Vaar je het ene moment nog dubbel gereefd, het volgende moment bevind je je in een windstilte (blijkbaar in de luwte van de westkust van Haïti). Het kost ons wat uren om de wind weer terug te vinden en dan waait ie ook weer, . . . . . . dus dubbel gereefd onder een hellingshoek van om en nabij de 30 graden verder varen. Hoe-zee!

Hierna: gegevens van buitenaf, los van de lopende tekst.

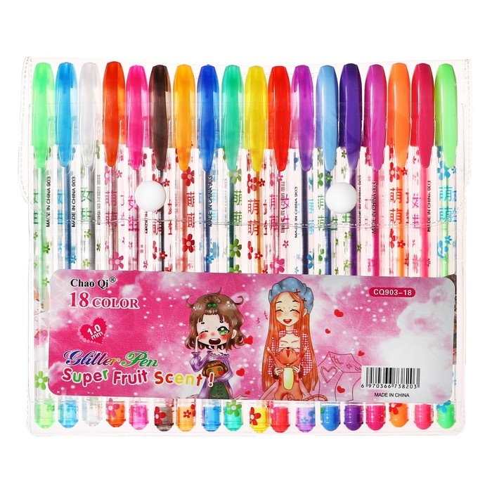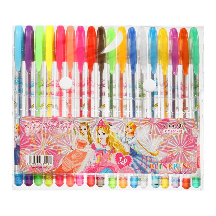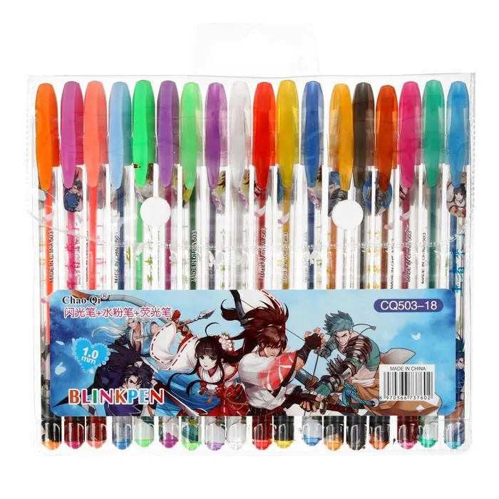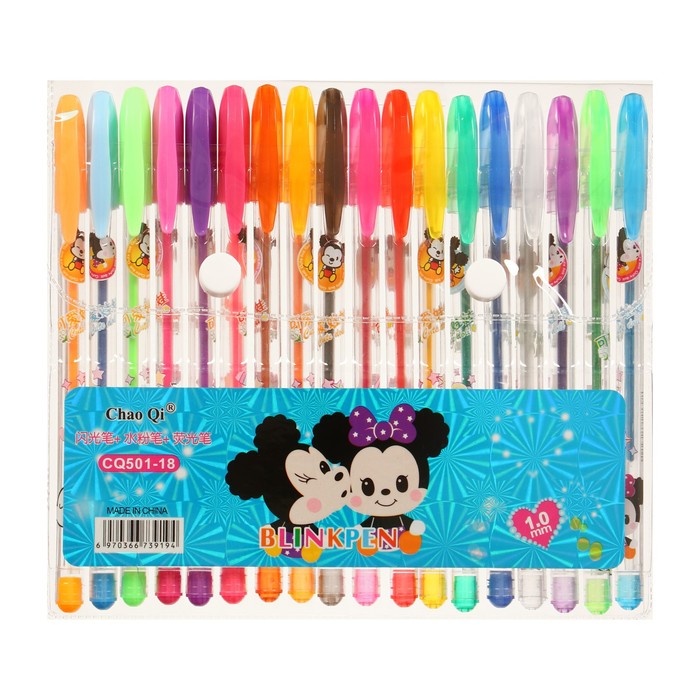 Набор гелевых ручек, 18 цветов, металлик, корпус с рисунком, в блистере на кнопке — Характеристики

Na het overstag gaan wil ik de bakstag (een soepele zeer sterke lijn waarmee we de mast bij de tweede zaling extra fixeren) zetten maar sapperderflap (is een netter woord voor k . . derder k . . ), die heeft zich in de windgenerator gewerkt. Niets van gemerkt dat ie zich van de klamp had gewerkt (beter vast zetten dus) en zo nu en dan controleren (geen maan – pikkie donker – is geen excuus). Staande op de hekstoel kan ik net met behulp van de pikhaak bij het uiteinde komen en kan ik een begin maken met het ontwarren van de kluwen. 1 hand voor mezelf (is hard nodig in deze zee) en met de andere hand aan de slag. Corrie schijnt bij en wat ben ik blij als we kunnen wisselen. Ik ben kapot maar we maken voortgang. Het venijn zit ‘m in de staart als we zien dat de bakstag zich zelf 2 halve steken heeft toebedeeld. Met een sapperderflap in het kwadraat fiksen we dat ook en zeilen we weer verder alsof er niets is gebeurd.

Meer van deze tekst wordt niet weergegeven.